The offer – made up of cash and shares –?values each BSS share at 435.8 pence, a 4.7 per cent premium on Friday’s closing price of 416.2p.
Travis Perkins charman Robert Walker said: “Our respective businesses are complementary and we look forward to working with BSS’s customers, suppliers and employees.”
The company said it believed it could achieve pre-tax savings of at least £25m in 2013 through the deal.
Travis Perkins had first signalled its intention to buy BSS in May.
BSS chairman Peter Warry said: “The management team and employees have succeeded in building BSS into a leading specialist distributor to trade customers and a market leader in the UK plumbing and heating sector, creating significant value for shareholders.
The deal will create the UK’s leading plumbing and heating distribution business ahead of Wolseley, the companies claimed.
The combined company would generate revenues of £4.3bn and employ 19,000 staff.
Travis Perkins competes with Wolseley, the world’s largest building supplies company. HSBC and Nomura advised Travis Perkins. BSS’s lead advisers were Lazard and RBS Hoare Govett were corporate brokers.
MICHAEL PESCOD
ADVISOR AT NOMURA
MICHAEL Pescod jointly led the deal with Charles Packshaw of HSBC for Travis Perkins.
Pescod became an investment banker in 2001 and joined Japanese firm Nomura as an adviser in December 2009 after their takeover of corporate finance advisory firm Tricorn, of which he was a founder.

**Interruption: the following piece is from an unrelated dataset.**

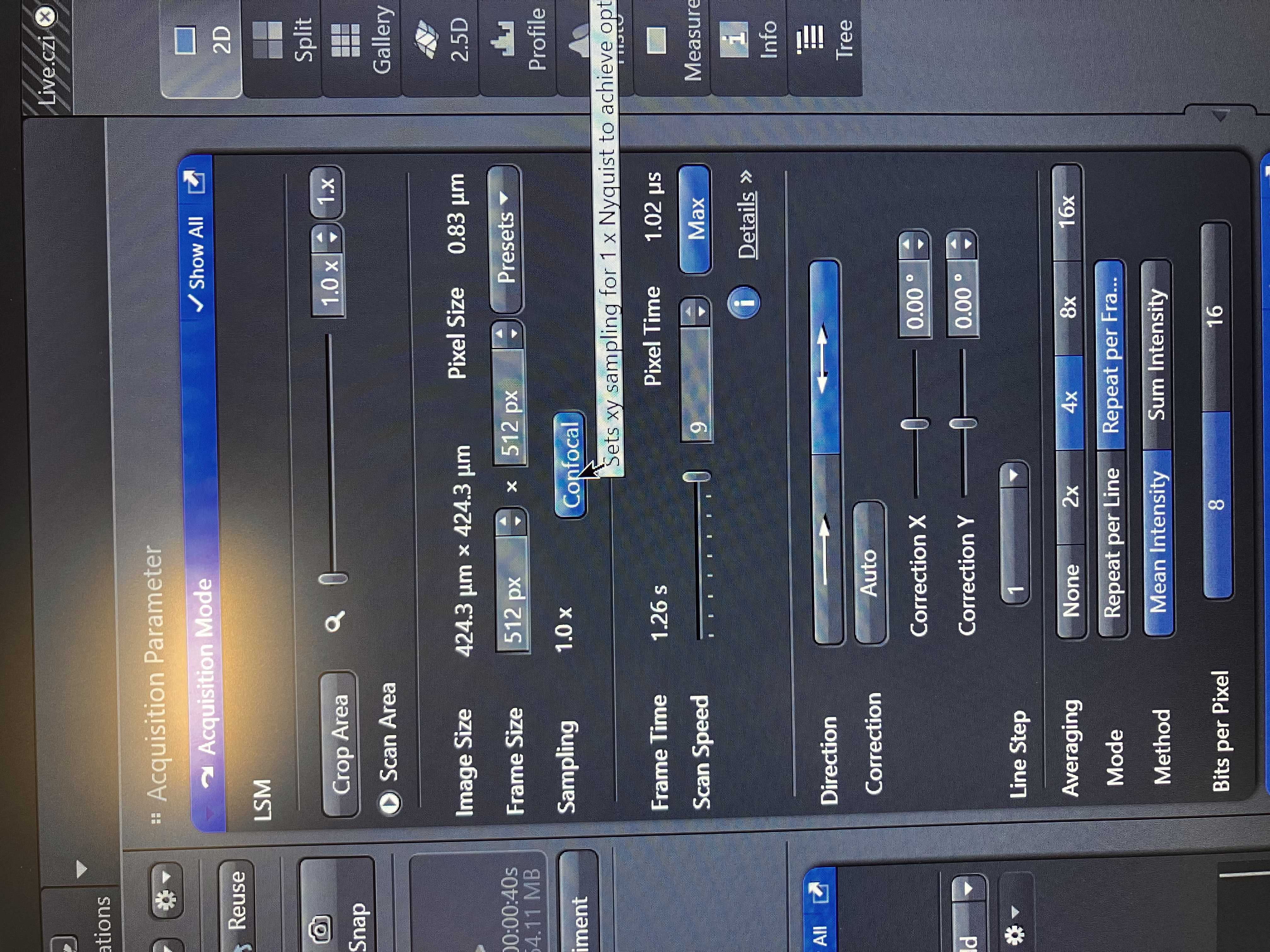 - Crop area refers to the field of view. By default, it is set to 1x. However, you can increase this number to crop the field of view. Frame size refers to the number of pixels that will comprise the image. In “Live” mode, this is set to 512 x 512. “Continuous” mode uses the parameter that you set here. The “Confocal” button ensures that the sampling will achieve Confocal-level resolution.

Previously he worked at Slaughter and May where he was head of the firm’s corporate finance practice.
Packshaw started out as a civil engineer before completing an MBA at London Business School.
He worked at Lazard’s for 18 years becoming managing director, before moving to HSBC to become head of UK Advisory in 2002. He has advised Travis Perkins previously, working on their purchase of Wickes.
For BSS, Richard Stables led the team for Lazard’s, who acted as lead advisers. Stables, a longstanding managing director, was assisted in the deal by Vasco Litchfield, a Lazard director.
The team from RBS?Hoare Govett was led by John MacGowan.